Rights and liabilities of the Crown in different capacities

(".--(1) Rights and liabilities may arise between the Crown in right of Her Majesty's Government in the United Kingdom and the Crown in right of the Scottish Administration by virtue of a contract, by operation of law or by virtue of an enactment as they may arise between subjects.
(2) Property and liabilities may be transferred between the Crown in one of those capacities and the Crown in the other capacity as they may be transferred between subjects; and they may together create, vary or extinguish any property or liability as subjects may.
(3) Proceedings in respect of--
(a) any property or liabilities to which the Crown in one of those capacities is entitled or subject under subsection (1) or (2), or
(b) the exercise of, or failure to exercise, any function exercisable by an office-holder of the Crown in one of those capacities,
may be instituted by the Crown in either capacity; and the Crown in the other capacity may be a separate party in the proceedings.
(4) This section applies to a unilateral obligation as it applies to a contract.
(5) In this section--
"office-holder", in relation to the Crown in right of Her Majesty's Government in the United Kingdom, means any Minister of the Crown or other office-holder under the Crown in that capacity and, in relation to the Crown in right of the Scottish Administration, means any office-holder in the Scottish Administration,
"subject" means a person not acting on behalf of the Crown.").

2 Nov 1998 : Column 75

The noble and learned Lord said: My Lords, this is an amendment which clarifies that legal relations may be entered into between the Crown in right of the UK Government and the Crown in right of the Scottish administration.

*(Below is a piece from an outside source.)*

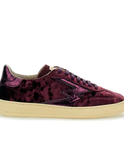 Sneakers en Velours de Cuir Club bordeaux métallisé

The Bill already draws a distinction between the Crown in right of the UK Government and the Crown in right of the Scottish administration. It makes provision for the Crown in both capacities to sue and to be sued.

It is also intended, however, that legal relations should be capable of being entered into between the UK Government and the Scottish administration so as to transfer rights, liabilities and other property between them. It is also intended that, when a UK Minister of the Crown makes an order under Clause 54 requiring some action to be taken by Scottish ministers, it should be possible for Scottish ministers to seek a judicial review of that order and for the UK Minister to seek a court order enforcing his order against Scottish ministers, subject of course to the provisions of the Crown Proceedings Act 1947. In other words, it is intended that the UK Government and the Scottish administration should be able to enter into legal relations and to sue each other.

It was thought that, without an express provision in the Bill, the view may be taken that the doctrine of Crown indivisibility would prevent this. Government Amendment No. 177B therefore clarifies the position. It makes clear that the Crown in right of the UK Government should be able to enter into legal relations with the Crown in right of the Scottish administration and vice versa. This puts the Crown in right of the UK Government and the Crown in right of the Scottish administration in the same relationship to each other as they are, or would be, to a subject. In other words, legal relationships can be created and enforced in the courts, subject of course to the provisions of the Crown Proceedings Act 1947 as to the nature of remedies which can be granted against the Crown. This amendment makes it clear that the Crown in right of the UK Government and the Crown in right of the Scottish administration would be able to sue each other. I beg to move.